BEGIN The input
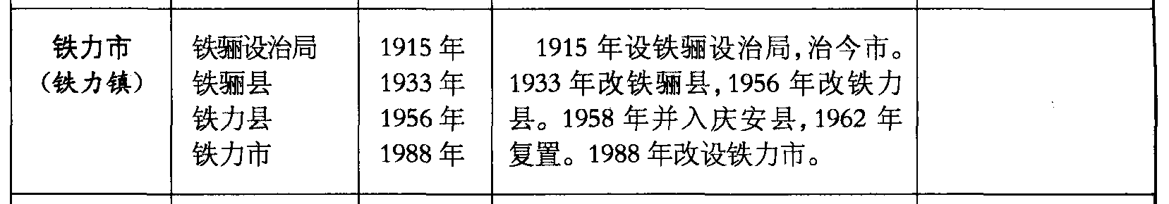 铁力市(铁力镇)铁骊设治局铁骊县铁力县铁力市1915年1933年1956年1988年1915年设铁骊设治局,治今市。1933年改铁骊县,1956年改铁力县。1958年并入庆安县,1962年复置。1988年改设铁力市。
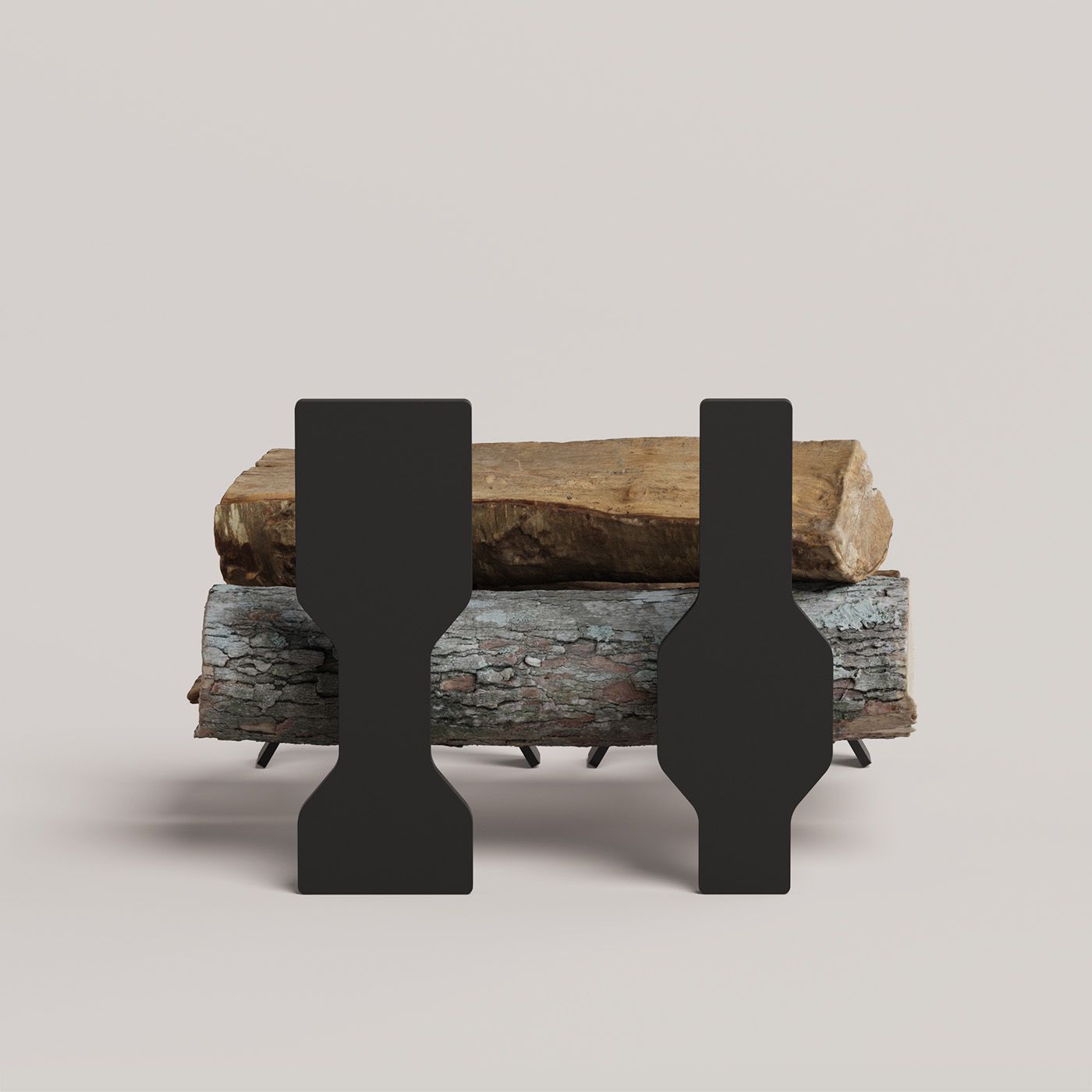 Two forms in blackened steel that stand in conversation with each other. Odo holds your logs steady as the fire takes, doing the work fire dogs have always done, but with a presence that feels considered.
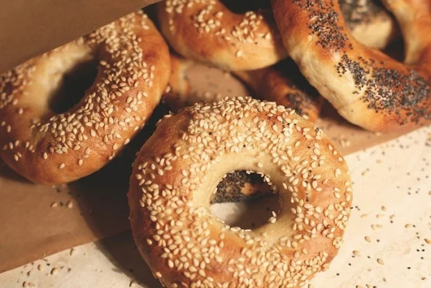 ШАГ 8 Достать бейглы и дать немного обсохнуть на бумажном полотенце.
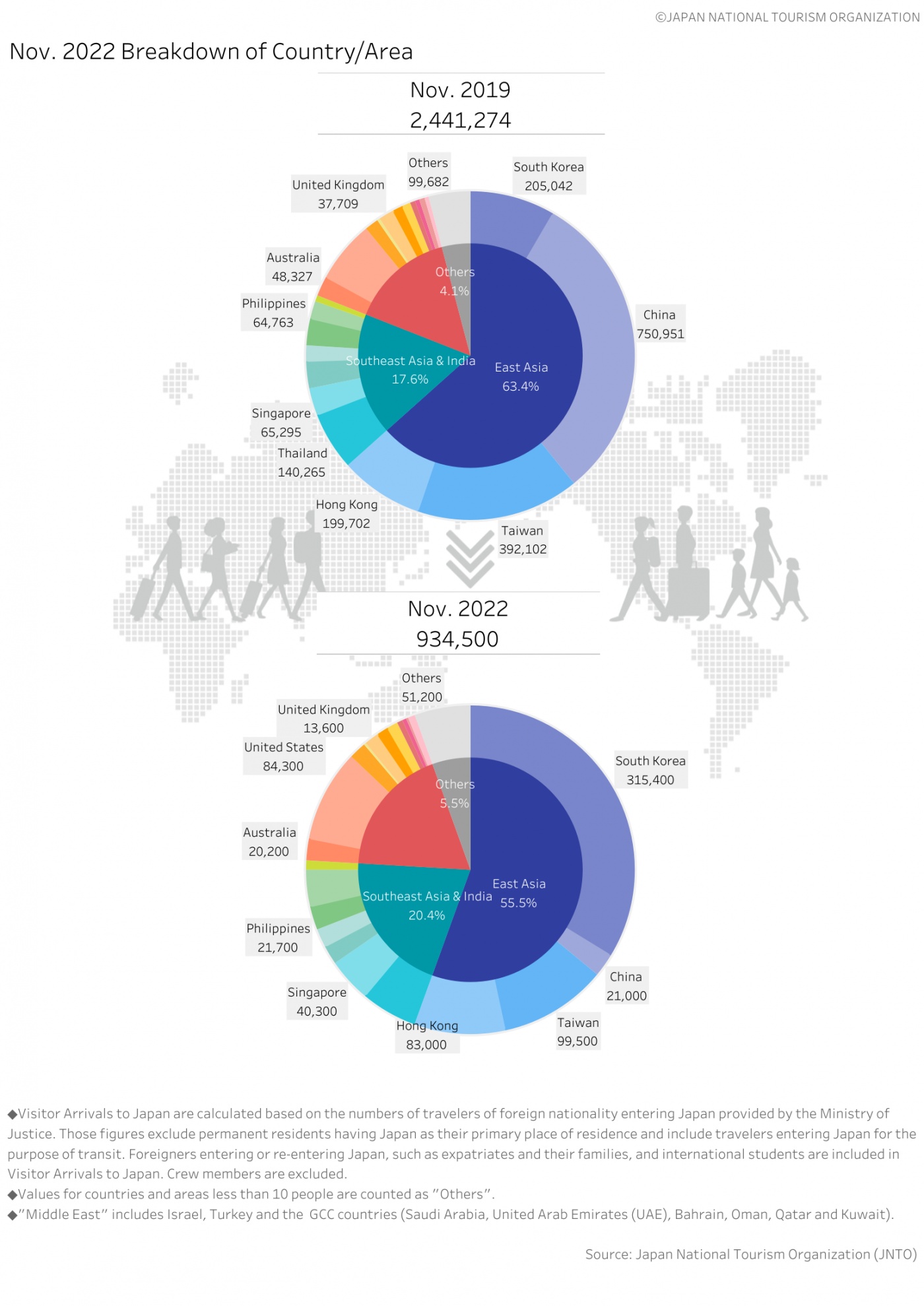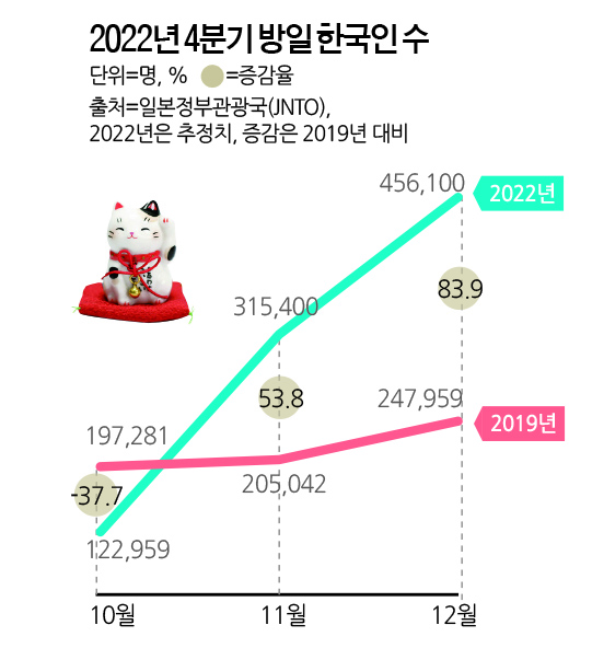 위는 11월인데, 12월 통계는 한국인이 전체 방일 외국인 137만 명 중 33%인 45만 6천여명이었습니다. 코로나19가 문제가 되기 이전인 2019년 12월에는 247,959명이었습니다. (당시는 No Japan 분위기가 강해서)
END The input
BEGIN The input
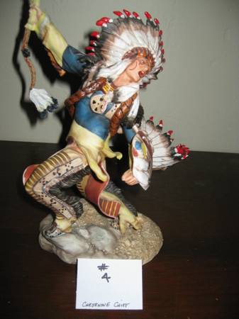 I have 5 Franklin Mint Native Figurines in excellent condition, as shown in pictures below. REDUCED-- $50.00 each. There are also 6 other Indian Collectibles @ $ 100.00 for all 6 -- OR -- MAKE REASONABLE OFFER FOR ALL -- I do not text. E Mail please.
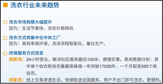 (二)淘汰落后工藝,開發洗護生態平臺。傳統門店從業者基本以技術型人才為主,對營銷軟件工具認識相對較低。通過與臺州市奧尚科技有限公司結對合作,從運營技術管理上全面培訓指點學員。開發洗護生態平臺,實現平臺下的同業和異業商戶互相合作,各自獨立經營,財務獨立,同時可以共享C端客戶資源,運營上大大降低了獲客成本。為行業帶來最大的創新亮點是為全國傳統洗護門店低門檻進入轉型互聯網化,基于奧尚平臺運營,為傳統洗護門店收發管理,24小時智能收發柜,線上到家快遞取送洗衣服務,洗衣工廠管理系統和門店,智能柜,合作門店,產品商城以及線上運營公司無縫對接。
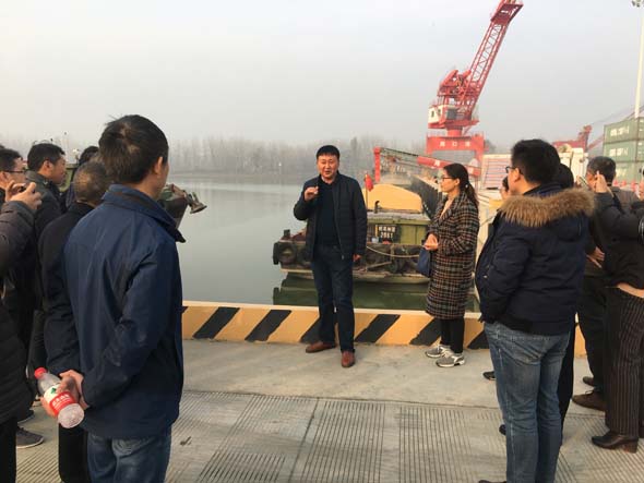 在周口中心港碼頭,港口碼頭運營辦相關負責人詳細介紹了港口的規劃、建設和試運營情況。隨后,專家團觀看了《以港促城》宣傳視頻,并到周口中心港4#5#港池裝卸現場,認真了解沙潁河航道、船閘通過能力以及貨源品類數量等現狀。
END The input
▶ **What to produce**
Above are the records; copy from them only the lines starting at the one containing "铁力市(铁力镇)铁骊设治局铁" and ending at the one containing "위는 11월인데, 12월", exactly and without pictures.

▶ **Answer space**
 铁力市(铁力镇)铁骊设治局铁骊县铁力县铁力市1915年1933年1956年1988年1915年设铁骊设治局,治今市。1933年改铁骊县,1956年改铁力县。1958年并入庆安县,1962年复置。1988年改设铁力市。
 Two forms in blackened steel that stand in conversation with each other. Odo holds your logs steady as the fire takes, doing the work fire dogs have always done, but with a presence that feels considered.
 ШАГ 8 Достать бейглы и дать немного обсохнуть на бумажном полотенце.
 위는 11월인데, 12월 통계는 한국인이 전체 방일 외국인 137만 명 중 33%인 45만 6천여명이었습니다. 코로나19가 문제가 되기 이전인 2019년 12월에는 247,959명이었습니다. (당시는 No Japan 분위기가 강해서)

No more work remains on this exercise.